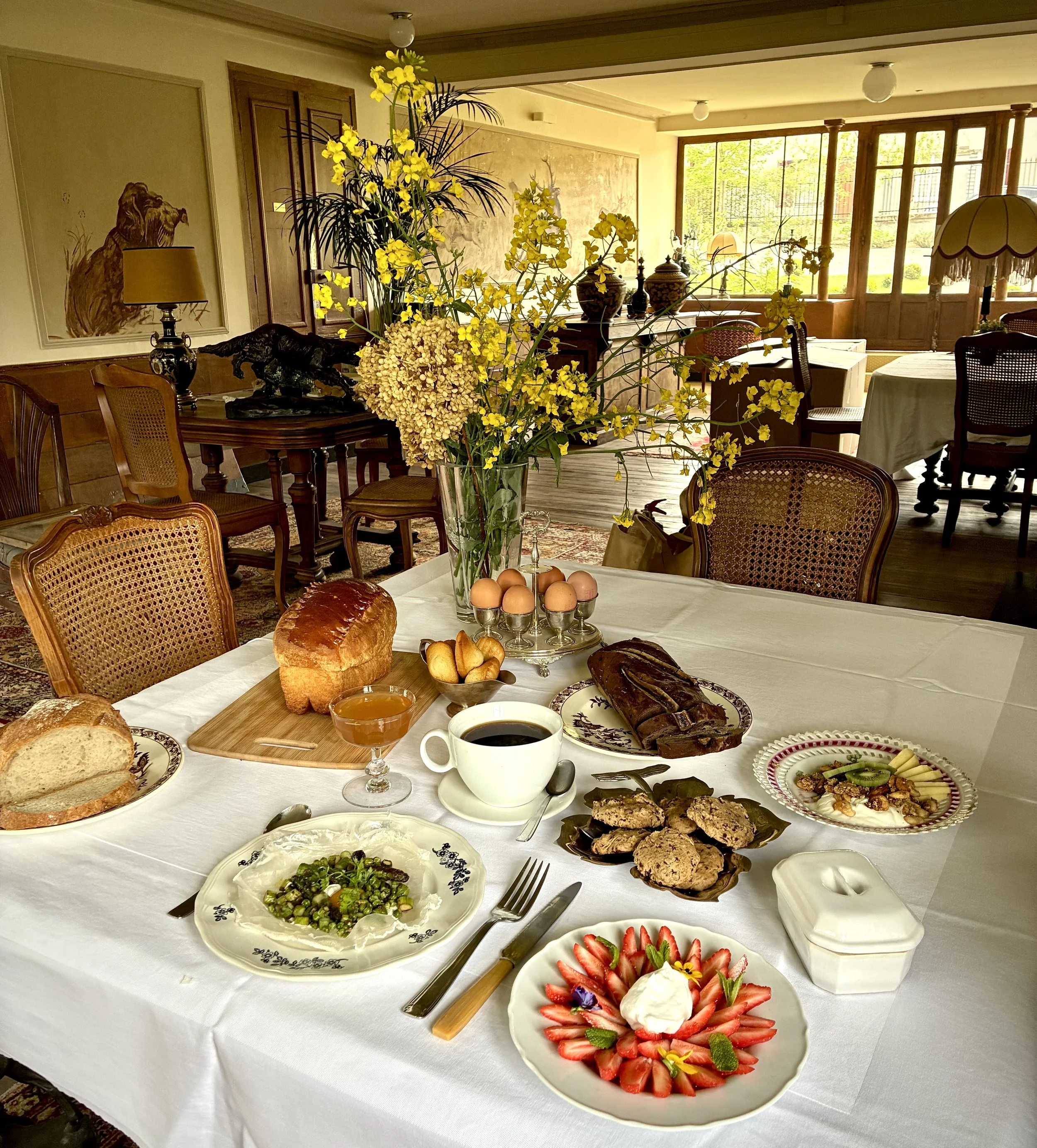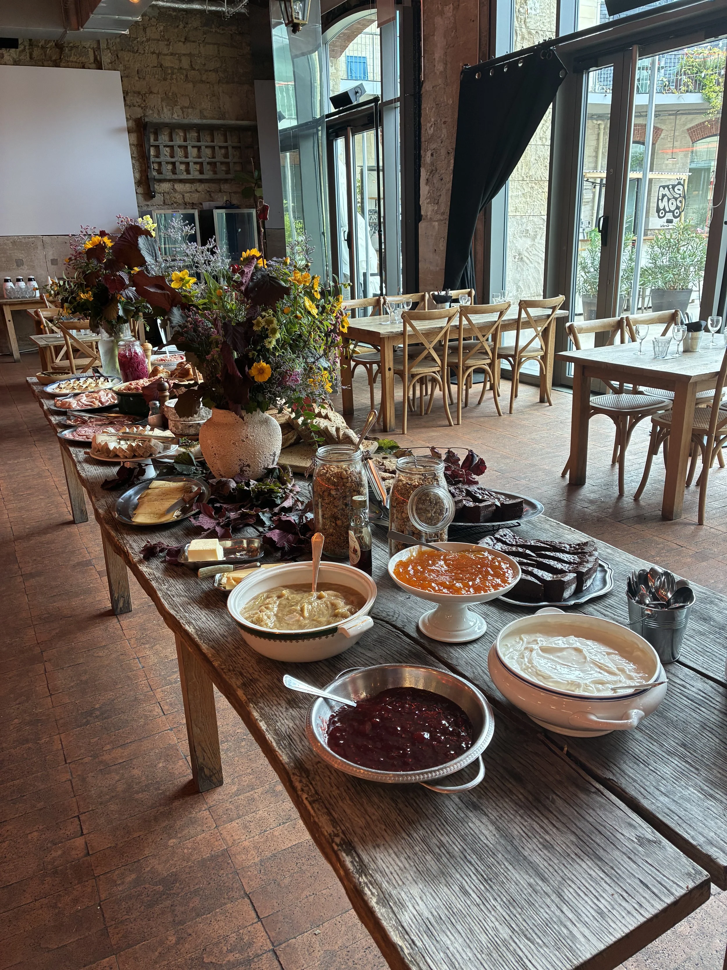 Buffet de petit-déjeuner avec des confitures, des toasts, des céréales, et des plats en sauce, dans un restaurant lumineux avec des murs en pierre et de grandes fenêtres.
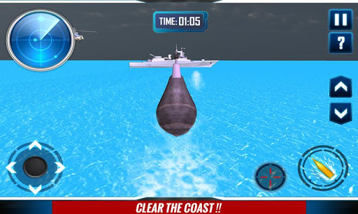 Experience underwater as naval commander of a ship in submarine games war simulator. Feel like participating in navy games and get the thrill of sinking enemy boats on the pacific rim of war simulator. Avoid touching any mines in the minefield of the ocean or the heavy explosion in the deep sea may sink your submarine simulator. Enjoy raging through water in this warship, the ultimate military secret weapon to target and attack both deep sea and aerial crafts with perfection in world war navy games.
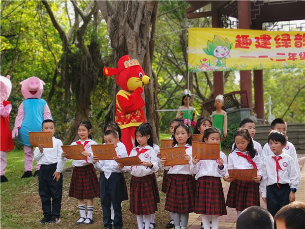 在鳥(niǎo)語(yǔ)相伴下,深圳市學(xué)生文聯(lián)秘書(shū)長(zhǎng)謝晨的講話拉開(kāi)本次活動(dòng)的序幕,他贊揚(yáng)了華新小學(xué)學(xué)生們學(xué)業(yè)上的優(yōu)秀表現(xiàn),肯定本次活動(dòng)寓教于自然的教學(xué)方式,也表達(dá)了多次參加華新小學(xué)的活動(dòng)的喜悅之情。隨后,每個(gè)年級(jí)各準(zhǔn)備了兩個(gè)節(jié)目為現(xiàn)場(chǎng)帶來(lái)歡樂(lè)的氣氛,“綠韻筆架?趣建我的學(xué)習(xí)能量王國(guó)”活動(dòng)正式開(kāi)始,學(xué)生們紛紛往自己年級(jí)的活動(dòng)區(qū)域飛奔而去。
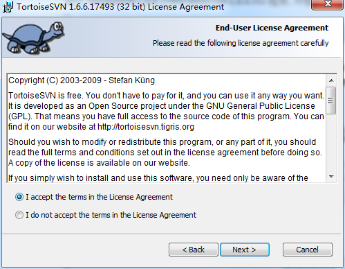 运行TortoiseSVN-1.6.6.17493-win32-svn-1.6.6.msi程序, 开始安装
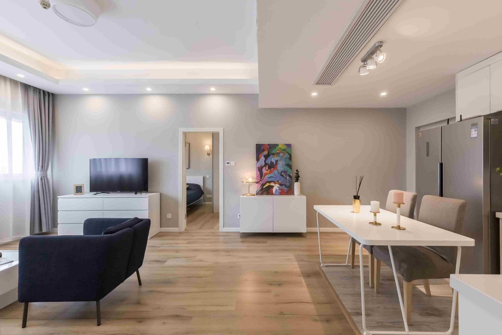 2bedrooms/2bathrooms/living room/open kitchen/bacony

*Task brief*
Copy out nothing but text: transcribe the listing exactly and skip each picture.

*The answer*
 Buffet de petit-déjeuner avec des confitures, des toasts, des céréales, et des plats en sauce, dans un restaurant lumineux avec des murs en pierre et de grandes fenêtres.
 Experience underwater as naval commander of a ship in submarine games war simulator. Feel like participating in navy games and get the thrill of sinking enemy boats on the pacific rim of war simulator. Avoid touching any mines in the minefield of the ocean or the heavy explosion in the deep sea may sink your submarine simulator. Enjoy raging through water in this warship, the ultimate military secret weapon to target and attack both deep sea and aerial crafts with perfection in world war navy games.
 在鳥(niǎo)語(yǔ)相伴下,深圳市學(xué)生文聯(lián)秘書(shū)長(zhǎng)謝晨的講話拉開(kāi)本次活動(dòng)的序幕,他贊揚(yáng)了華新小學(xué)學(xué)生們學(xué)業(yè)上的優(yōu)秀表現(xiàn),肯定本次活動(dòng)寓教于自然的教學(xué)方式,也表達(dá)了多次參加華新小學(xué)的活動(dòng)的喜悅之情。隨后,每個(gè)年級(jí)各準(zhǔn)備了兩個(gè)節(jié)目為現(xiàn)場(chǎng)帶來(lái)歡樂(lè)的氣氛,“綠韻筆架?趣建我的學(xué)習(xí)能量王國(guó)”活動(dòng)正式開(kāi)始,學(xué)生們紛紛往自己年級(jí)的活動(dòng)區(qū)域飛奔而去。
 运行TortoiseSVN-1.6.6.17493-win32-svn-1.6.6.msi程序, 开始安装
 2bedrooms/2bathrooms/living room/open kitchen/bacony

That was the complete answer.